──────── Listed entries
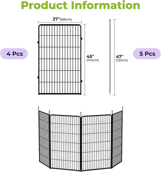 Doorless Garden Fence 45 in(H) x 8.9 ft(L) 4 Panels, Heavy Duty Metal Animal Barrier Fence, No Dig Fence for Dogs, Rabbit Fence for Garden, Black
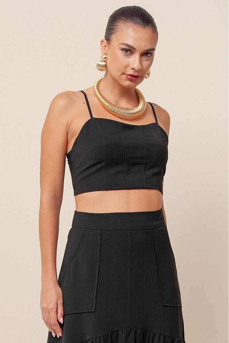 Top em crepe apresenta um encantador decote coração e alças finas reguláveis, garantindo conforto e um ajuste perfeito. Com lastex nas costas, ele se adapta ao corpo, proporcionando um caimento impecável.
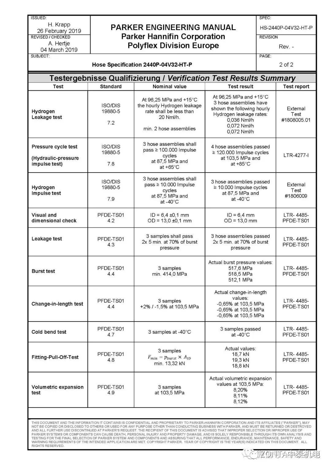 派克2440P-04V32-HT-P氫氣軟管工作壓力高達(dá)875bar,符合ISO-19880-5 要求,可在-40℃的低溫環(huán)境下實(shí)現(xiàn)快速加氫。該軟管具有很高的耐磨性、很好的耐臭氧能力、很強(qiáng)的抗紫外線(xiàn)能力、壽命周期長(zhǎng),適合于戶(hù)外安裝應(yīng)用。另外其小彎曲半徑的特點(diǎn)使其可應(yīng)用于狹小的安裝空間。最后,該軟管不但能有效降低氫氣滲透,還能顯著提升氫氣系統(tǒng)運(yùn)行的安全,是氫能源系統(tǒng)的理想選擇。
────────────────
──────── Listed entries
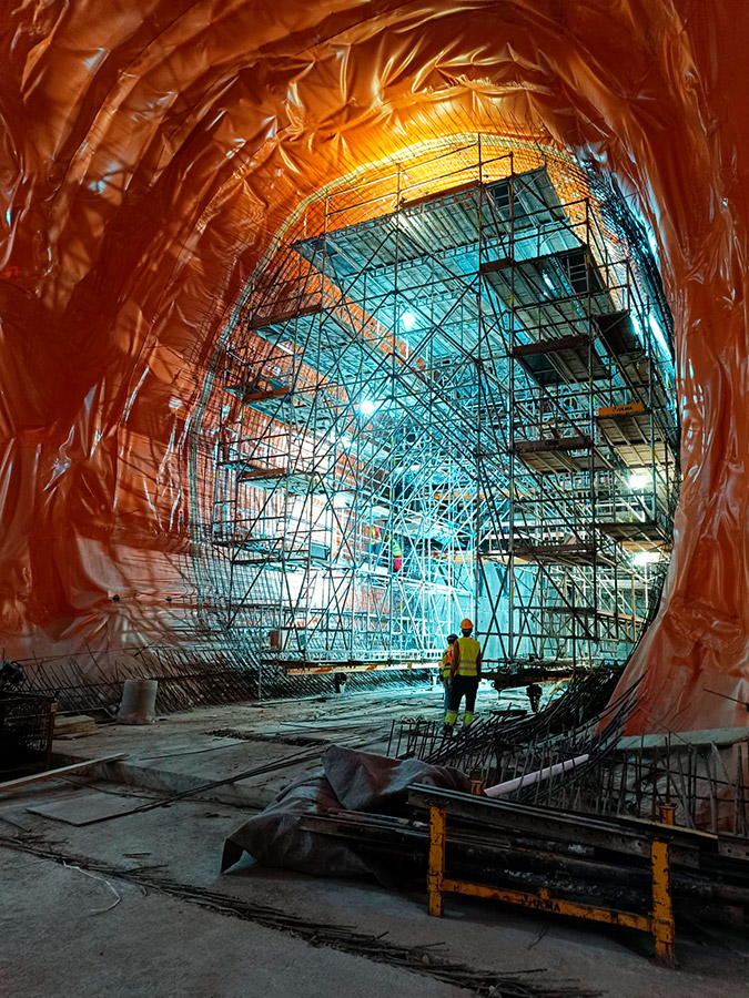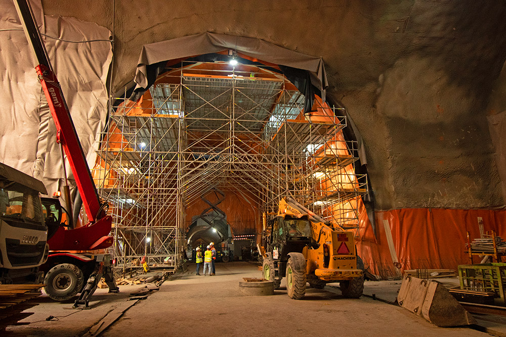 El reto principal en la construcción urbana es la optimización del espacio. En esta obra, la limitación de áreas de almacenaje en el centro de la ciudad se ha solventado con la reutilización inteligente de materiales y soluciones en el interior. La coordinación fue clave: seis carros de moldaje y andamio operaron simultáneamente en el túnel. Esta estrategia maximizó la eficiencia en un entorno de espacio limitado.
────────────────
When you reach the line with "Top em crepe" in the records above, begin repeating the lines exactly, and stop after the line with "派克2440P-04V32-HT-P氫氣". Skip all pictures.

» **Task solution**:
 Top em crepe apresenta um encantador decote coração e alças finas reguláveis, garantindo conforto e um ajuste perfeito. Com lastex nas costas, ele se adapta ao corpo, proporcionando um caimento impecável.
 派克2440P-04V32-HT-P氫氣軟管工作壓力高達(dá)875bar,符合ISO-19880-5 要求,可在-40℃的低溫環(huán)境下實(shí)現(xiàn)快速加氫。該軟管具有很高的耐磨性、很好的耐臭氧能力、很強(qiáng)的抗紫外線(xiàn)能力、壽命周期長(zhǎng),適合于戶(hù)外安裝應(yīng)用。另外其小彎曲半徑的特點(diǎn)使其可應(yīng)用于狹小的安裝空間。最后,該軟管不但能有效降低氫氣滲透,還能顯著提升氫氣系統(tǒng)運(yùn)行的安全,是氫能源系統(tǒng)的理想選擇。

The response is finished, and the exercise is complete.